View Single Post
Old 10-18-2006, 03:08 PM   #76
Lani
Senior Member
 
Join Date: Mar 2006
Posts: 4,778
Hopeful, you did fantastically!

In addition:They postulated there are two main sequences/pathways that breast cancer follow in developing more and more mutations which make cells more and more immortal and proliferative--one which the normal and luminal A take (ER+her2-) with lots of chromosome 16q loss and associated with good prognosis and one which basal(triple negative) ERBB2 (her2+er-) and luminal B (some, but not all, of which are her2+ER+) which are not associated with lots of chromosome 16q deletion and have a worse prognosis. Interestingly they seemed to use ER of 2% as the cut-off for ER+ so their percentage ER positive comes out interestingly for basals and ERBB2s. As we have pointed out before, there are many ways to measure ER and not all are accurate nor do they necessarily concur with each other.

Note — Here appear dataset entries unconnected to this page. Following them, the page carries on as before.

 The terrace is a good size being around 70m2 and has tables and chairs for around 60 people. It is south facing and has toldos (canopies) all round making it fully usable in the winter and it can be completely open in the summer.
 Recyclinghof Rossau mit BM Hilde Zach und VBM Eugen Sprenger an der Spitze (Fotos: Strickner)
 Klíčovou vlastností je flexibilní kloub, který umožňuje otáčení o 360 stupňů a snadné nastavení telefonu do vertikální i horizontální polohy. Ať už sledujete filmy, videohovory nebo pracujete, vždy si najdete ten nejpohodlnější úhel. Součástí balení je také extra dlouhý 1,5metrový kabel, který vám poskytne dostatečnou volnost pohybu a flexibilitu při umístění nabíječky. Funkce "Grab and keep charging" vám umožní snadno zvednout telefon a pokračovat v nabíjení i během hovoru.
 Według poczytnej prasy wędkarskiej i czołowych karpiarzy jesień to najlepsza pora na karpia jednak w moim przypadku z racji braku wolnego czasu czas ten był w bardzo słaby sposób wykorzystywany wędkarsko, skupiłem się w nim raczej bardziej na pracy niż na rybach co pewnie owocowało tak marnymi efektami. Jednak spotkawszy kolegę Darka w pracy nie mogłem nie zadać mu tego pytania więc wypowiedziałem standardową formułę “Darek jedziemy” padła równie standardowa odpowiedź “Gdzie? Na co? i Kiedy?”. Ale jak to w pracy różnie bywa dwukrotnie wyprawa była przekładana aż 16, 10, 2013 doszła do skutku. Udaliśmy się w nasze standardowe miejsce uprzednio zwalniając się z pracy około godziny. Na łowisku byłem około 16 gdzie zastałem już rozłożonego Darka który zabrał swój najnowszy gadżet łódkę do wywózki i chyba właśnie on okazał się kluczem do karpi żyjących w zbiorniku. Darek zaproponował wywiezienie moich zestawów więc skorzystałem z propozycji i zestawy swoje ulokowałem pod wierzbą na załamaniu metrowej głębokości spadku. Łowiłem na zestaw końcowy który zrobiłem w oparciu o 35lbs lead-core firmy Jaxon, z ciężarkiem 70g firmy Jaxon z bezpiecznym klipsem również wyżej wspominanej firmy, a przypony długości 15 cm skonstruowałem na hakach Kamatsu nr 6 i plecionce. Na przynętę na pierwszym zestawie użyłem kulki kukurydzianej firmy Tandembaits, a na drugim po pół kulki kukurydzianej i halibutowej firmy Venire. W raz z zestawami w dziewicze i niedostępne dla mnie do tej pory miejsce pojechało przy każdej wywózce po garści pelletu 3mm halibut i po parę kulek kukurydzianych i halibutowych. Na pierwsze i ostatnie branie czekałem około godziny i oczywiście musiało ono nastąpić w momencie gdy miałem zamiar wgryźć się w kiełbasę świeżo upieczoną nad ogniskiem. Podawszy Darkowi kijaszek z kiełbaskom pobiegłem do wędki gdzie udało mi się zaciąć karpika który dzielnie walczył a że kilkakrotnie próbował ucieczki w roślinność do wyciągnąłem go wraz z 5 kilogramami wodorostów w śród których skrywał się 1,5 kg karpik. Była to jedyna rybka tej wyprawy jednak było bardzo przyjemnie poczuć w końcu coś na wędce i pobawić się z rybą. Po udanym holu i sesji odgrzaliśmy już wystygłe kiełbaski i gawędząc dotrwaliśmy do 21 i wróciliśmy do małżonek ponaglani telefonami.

I was interested to see that they found a shorter DFS for her2+s than for basals. This was not a huge study, but opens the way for larger studies.

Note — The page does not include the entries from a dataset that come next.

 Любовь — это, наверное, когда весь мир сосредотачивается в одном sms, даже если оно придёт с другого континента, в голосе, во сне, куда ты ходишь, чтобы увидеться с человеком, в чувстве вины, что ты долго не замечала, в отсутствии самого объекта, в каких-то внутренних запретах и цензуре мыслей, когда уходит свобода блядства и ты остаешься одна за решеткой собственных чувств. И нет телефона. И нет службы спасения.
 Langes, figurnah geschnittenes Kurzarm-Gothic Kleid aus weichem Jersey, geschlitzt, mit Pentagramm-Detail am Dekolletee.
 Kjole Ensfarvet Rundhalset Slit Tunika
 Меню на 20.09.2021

They will have to go further back in their archive of tumors(may not be easy because, althought they did not say it outright in the original article, it sounded like they used fresh tumor or fresh frozen tumor rather than paraffin embedded tumor to do their studies) to get the results of DFS without tam tx, without AI tx, without chemotherapy, with and without herceptin for us to discover not only the natural history, but also the results of different treatments on these tumors.

Hope this article elucidated more than it confused!